- _WHAT NEEDS TO BE DONE_: The answer must be only the lines below from the one holding "hard bow case." down to the one holding "ラベンダーカラーのパールをグ", ends included, printed exactly; please omit all pictures.

------ RECORD EXTRACTS

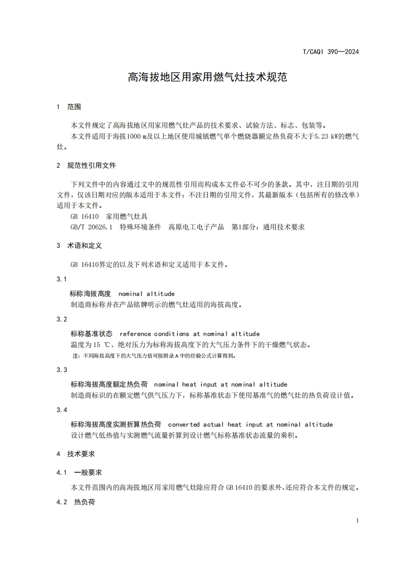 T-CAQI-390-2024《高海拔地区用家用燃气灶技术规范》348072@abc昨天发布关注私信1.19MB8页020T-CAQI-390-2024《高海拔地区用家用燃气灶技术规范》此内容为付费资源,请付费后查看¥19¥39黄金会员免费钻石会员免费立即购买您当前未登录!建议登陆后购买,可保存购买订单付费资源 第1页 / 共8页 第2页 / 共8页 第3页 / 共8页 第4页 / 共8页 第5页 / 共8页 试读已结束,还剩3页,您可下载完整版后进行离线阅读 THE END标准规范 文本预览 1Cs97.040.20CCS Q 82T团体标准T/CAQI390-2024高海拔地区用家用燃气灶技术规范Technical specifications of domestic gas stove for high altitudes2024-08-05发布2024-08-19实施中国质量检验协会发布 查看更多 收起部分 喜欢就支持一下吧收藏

------------
------ RECORD EXTRACTS

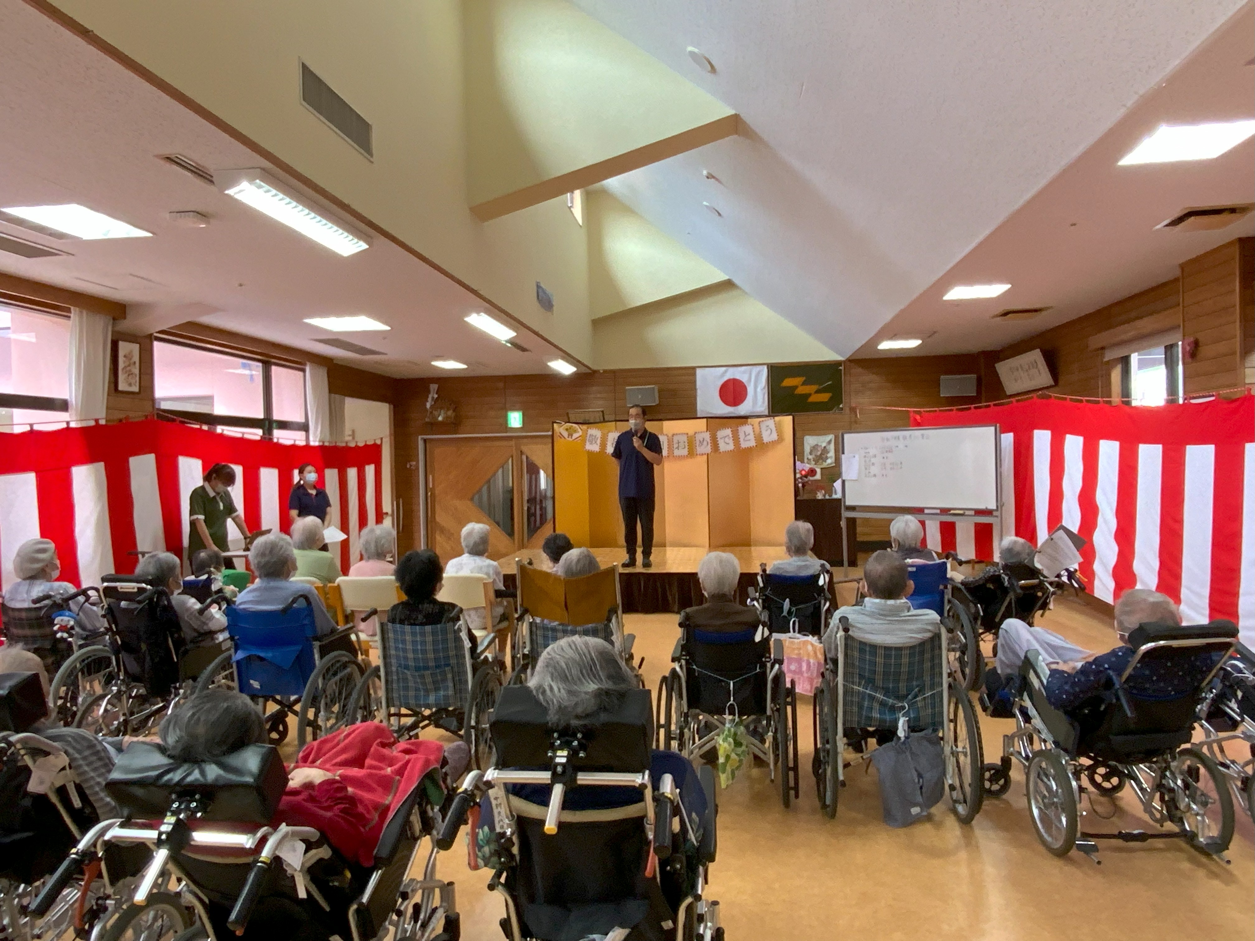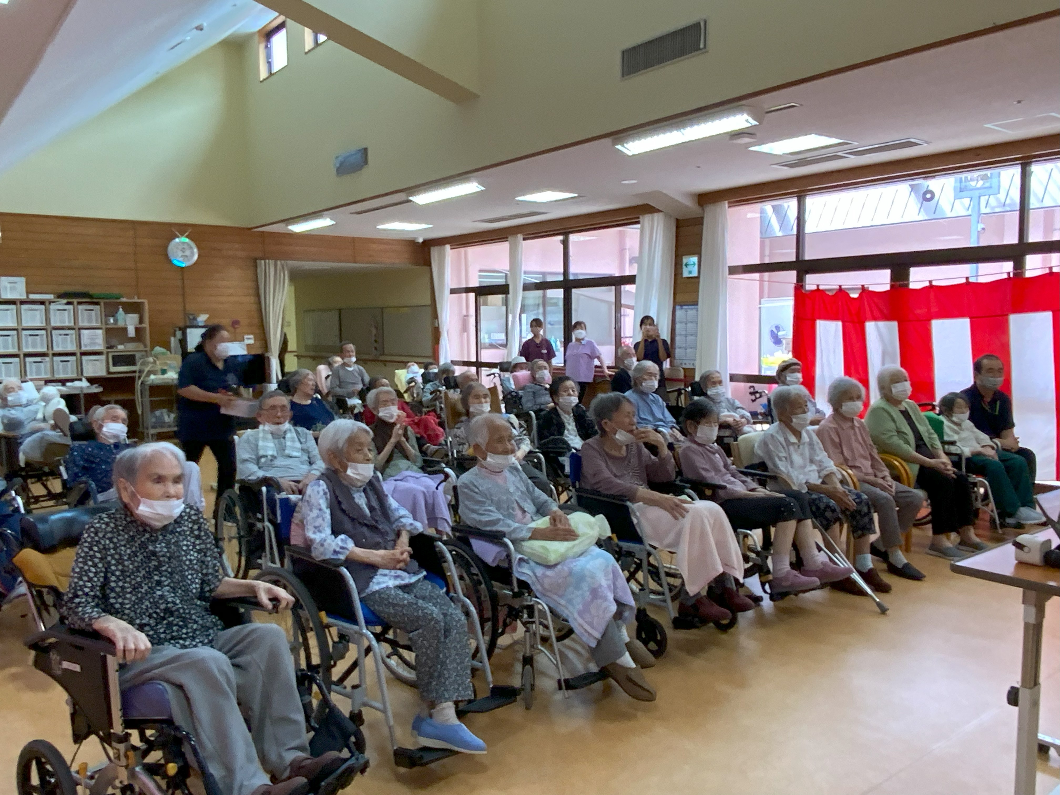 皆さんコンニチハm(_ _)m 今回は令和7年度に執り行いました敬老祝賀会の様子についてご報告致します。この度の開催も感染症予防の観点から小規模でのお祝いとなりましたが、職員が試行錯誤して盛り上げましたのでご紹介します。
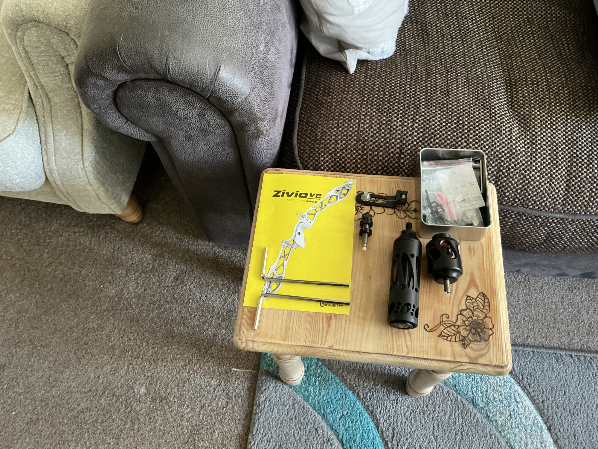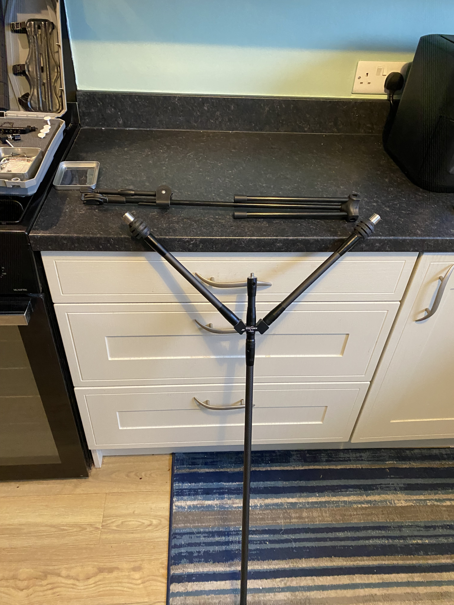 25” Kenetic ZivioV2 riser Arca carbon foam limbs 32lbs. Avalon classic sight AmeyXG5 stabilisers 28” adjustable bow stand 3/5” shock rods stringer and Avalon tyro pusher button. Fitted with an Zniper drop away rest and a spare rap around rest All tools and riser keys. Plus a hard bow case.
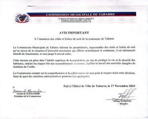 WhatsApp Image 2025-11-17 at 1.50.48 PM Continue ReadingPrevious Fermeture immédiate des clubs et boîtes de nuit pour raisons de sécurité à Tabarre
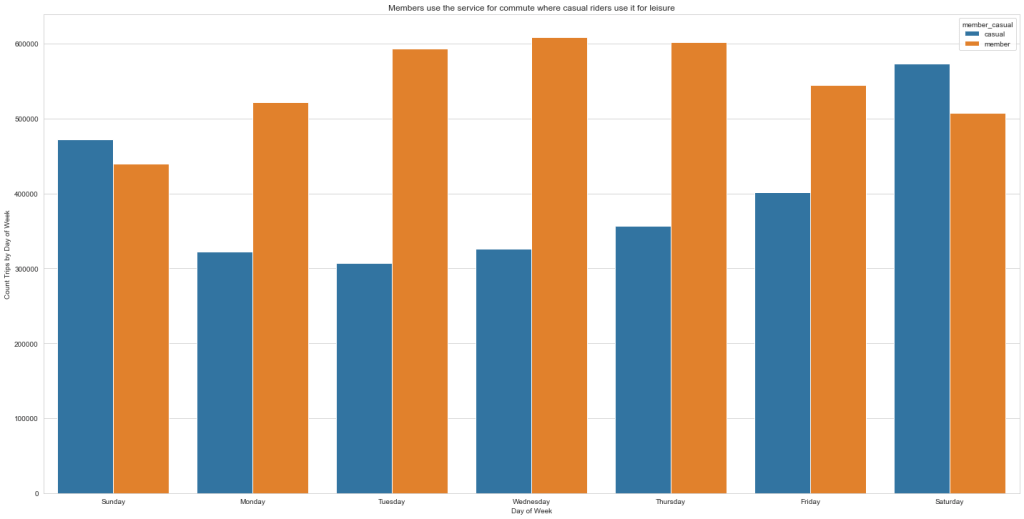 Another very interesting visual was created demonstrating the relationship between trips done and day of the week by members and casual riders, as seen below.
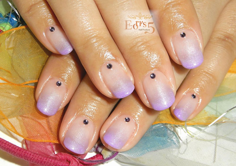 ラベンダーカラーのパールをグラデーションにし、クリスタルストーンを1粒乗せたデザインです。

------------
------ RECORD EXTRACTS

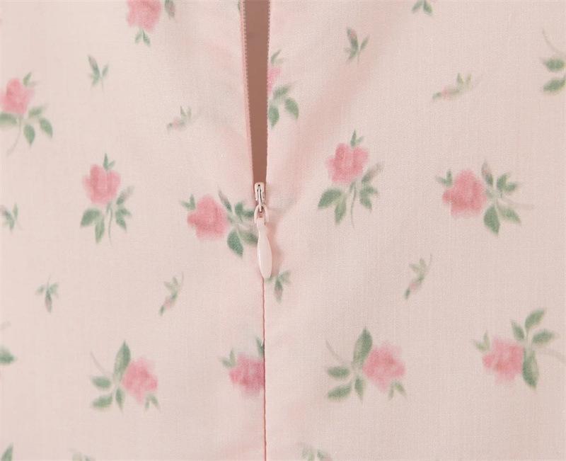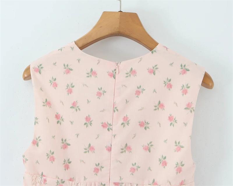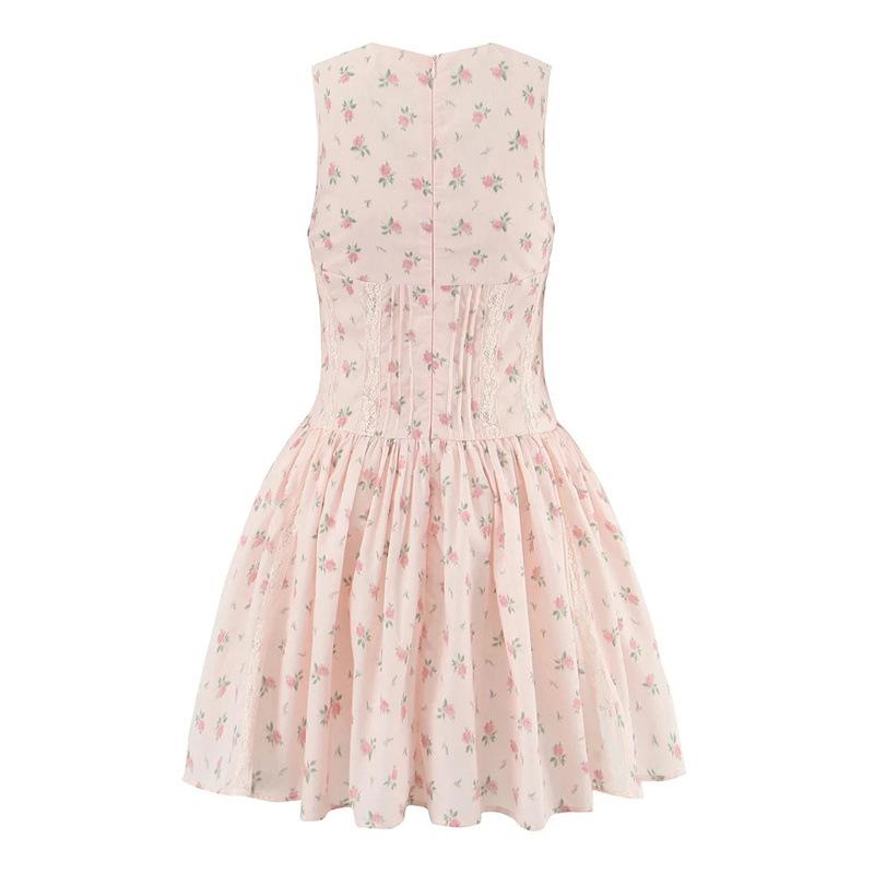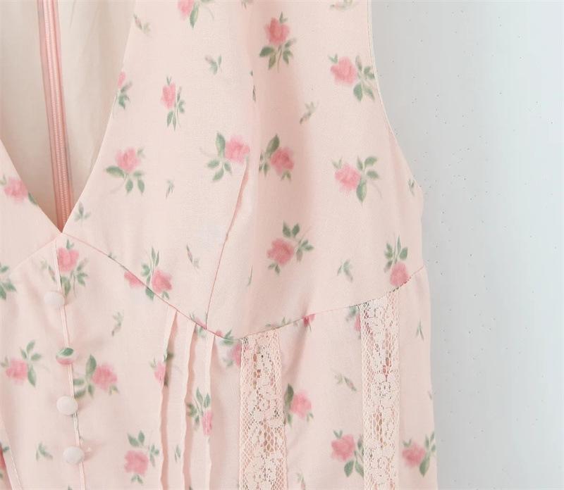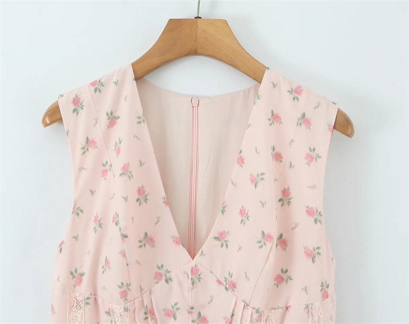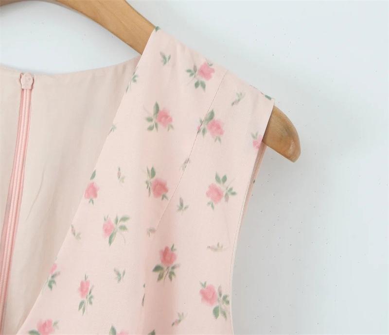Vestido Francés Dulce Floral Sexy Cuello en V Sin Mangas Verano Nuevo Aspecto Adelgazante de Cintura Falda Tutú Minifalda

------------

- _ANSWER_:
 25” Kenetic ZivioV2 riser Arca carbon foam limbs 32lbs. Avalon classic sight AmeyXG5 stabilisers 28” adjustable bow stand 3/5” shock rods stringer and Avalon tyro pusher button. Fitted with an Zniper drop away rest and a spare rap around rest All tools and riser keys. Plus a hard bow case.
 WhatsApp Image 2025-11-17 at 1.50.48 PM Continue ReadingPrevious Fermeture immédiate des clubs et boîtes de nuit pour raisons de sécurité à Tabarre
 Another very interesting visual was created demonstrating the relationship between trips done and day of the week by members and casual riders, as seen below.
 ラベンダーカラーのパールをグラデーションにし、クリスタルストーンを1粒乗せたデザインです。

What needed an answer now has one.